Was spricht gegen 20 Lüfter im Gehäuse? Nötig ist ein Porsche auch nicht, wird aber trotzdem gekauft. Öhm... was passiert bei Überdruck im Gehäuse?


----------



## Duvar (1. Januar 2015)

*AW: Mehrere Gehäuselüfter optimal anordnen für beste Temperaturen*

Doch ich hab all die Lüfter gekauft, vllt springe ich demnächst mal ins Gehäuse nachm Duschen fürs Ganzkörper Fönen 
Das Teil soll auch nicht zu Obama oder zum Mars fliegen 

Ihr könnt ja mal folgendes testen: Stellt all eure Gehäuselüfter @ max und übertaktet eure Komponenten mal ans Limit und dann lasst mal einmal Prime 95 (Version 27.9) laufen und einmal Furmark/Heaven whatever.
In meinem Fall sah die Übertaktung folgendermaßen aus, R9 290 +200mV mit 1250/1700MHz // i7 4770K mit 1.35V und 4,6GHz // RAM von 1600MHzCL9 mit 1.5V auf 2133MHz CL10 mit 1.66V.
Nachdem ihr paar Minuten getestet habt notiert euch mal die Temps, danach lasst alle Lüfter immer noch @ max, aber diesmal lässt ihr das Seitenteil eures Gehäuses offen.
Um es kurz zu machen, die Temps mit offenem Seitenteil waren bei mir deutlich besser, dies bedeutete für mich, dass noch Optimierungspotential bzgl der Belüftung vorhanden ist.
Ich bestreite nicht, dass ein Lüfter vorne und einer Hinten nicht reicht, will halt nur sehen, inwieweit man das per Luftkühlung alles optimieren kann und dabei noch möglichst leise unterwegs ist.
Was ist besser, mehrere sehr leise/kaum hörbare Lüfter, oder 1-2 lautere? Natürlich kann man auch die 1-2 Lüfter sehr langsam drehen lassen, 
nur wie schnell müssen die 1-2 Lüfter rotieren um bei Übertaktung die selben Resultate/Temps von 8 leise drehenden Lüftern zu erreichen?

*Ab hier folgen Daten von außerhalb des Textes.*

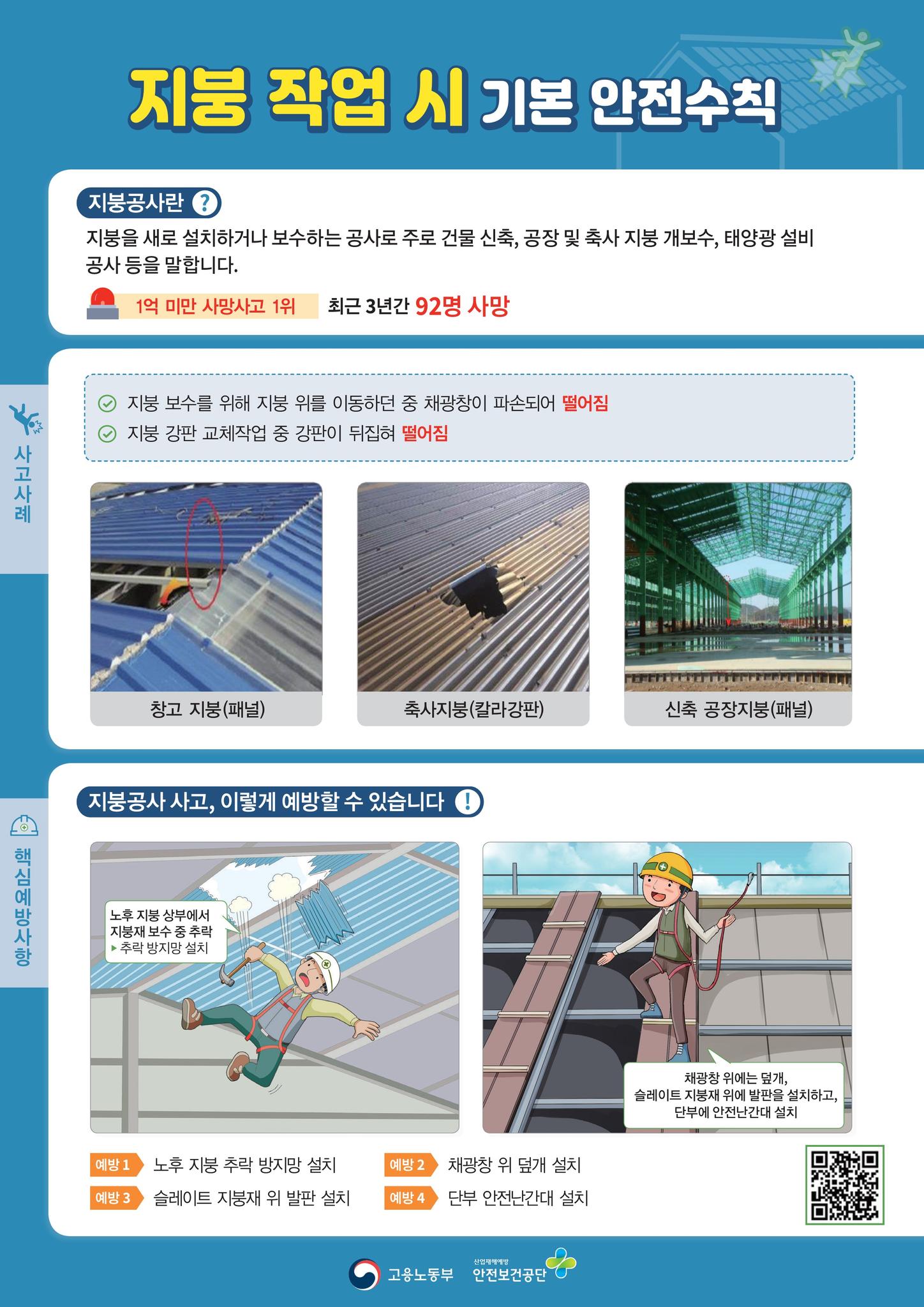 1. 지붕의 형태, 구조 등을 사전에 파악하여 적절한 이동통로, 작업발판설치 등 추락방지 조치를 한다.

Hier mal ein Test mit meiner 290 TriX mit +200mV und offenem Seitenteil (Raumtemp war sehr niedrig bei diesem Test) http://extreme.pcgameshardware.de/a...lgemeiner-amd-r9-290-290x-laber-thread-h3.png Die Grafikkarte wurde maximal 63°C warm, hab beim GPU Z Screen dort leider vergessen auf max zu stellen.
Ach nee ich hatte es net vergessen auf max zu stellen, sondern buggt TriXX bissl, so dass Temps von paar Hundert Grad dort erscheinen in GPU Z, aber ich hatte ja die Temps beim Bench beobachtet, da der MSI AB nebenher mit lief.

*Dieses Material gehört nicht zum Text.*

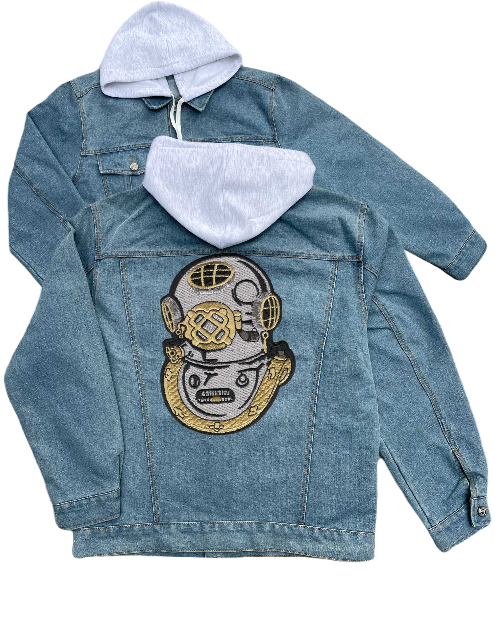 Mark V 1 Alpha Diving Helmet Embroidered Hood Jean Jacket Present Day

Denke alles in allem ist es so, dass man mit mehreren Lüftern natürlich bessere Ergebnisse erzielt. In dem Link, den ich beim Startpost geposted habe, sieht man ja, dass Szenario 1 (vorne unten rein und hinten oben raus), deutlich schlechter abschneidet wie viele andere Szenarien. Da waren rund 11°C bessere Temps bei der CPU und GPU drin und je nach CPU und GPU und deren Übertaktungsgrad und Spannungen, können sich diese Resultate womöglich noch verbessern nehme ich an... 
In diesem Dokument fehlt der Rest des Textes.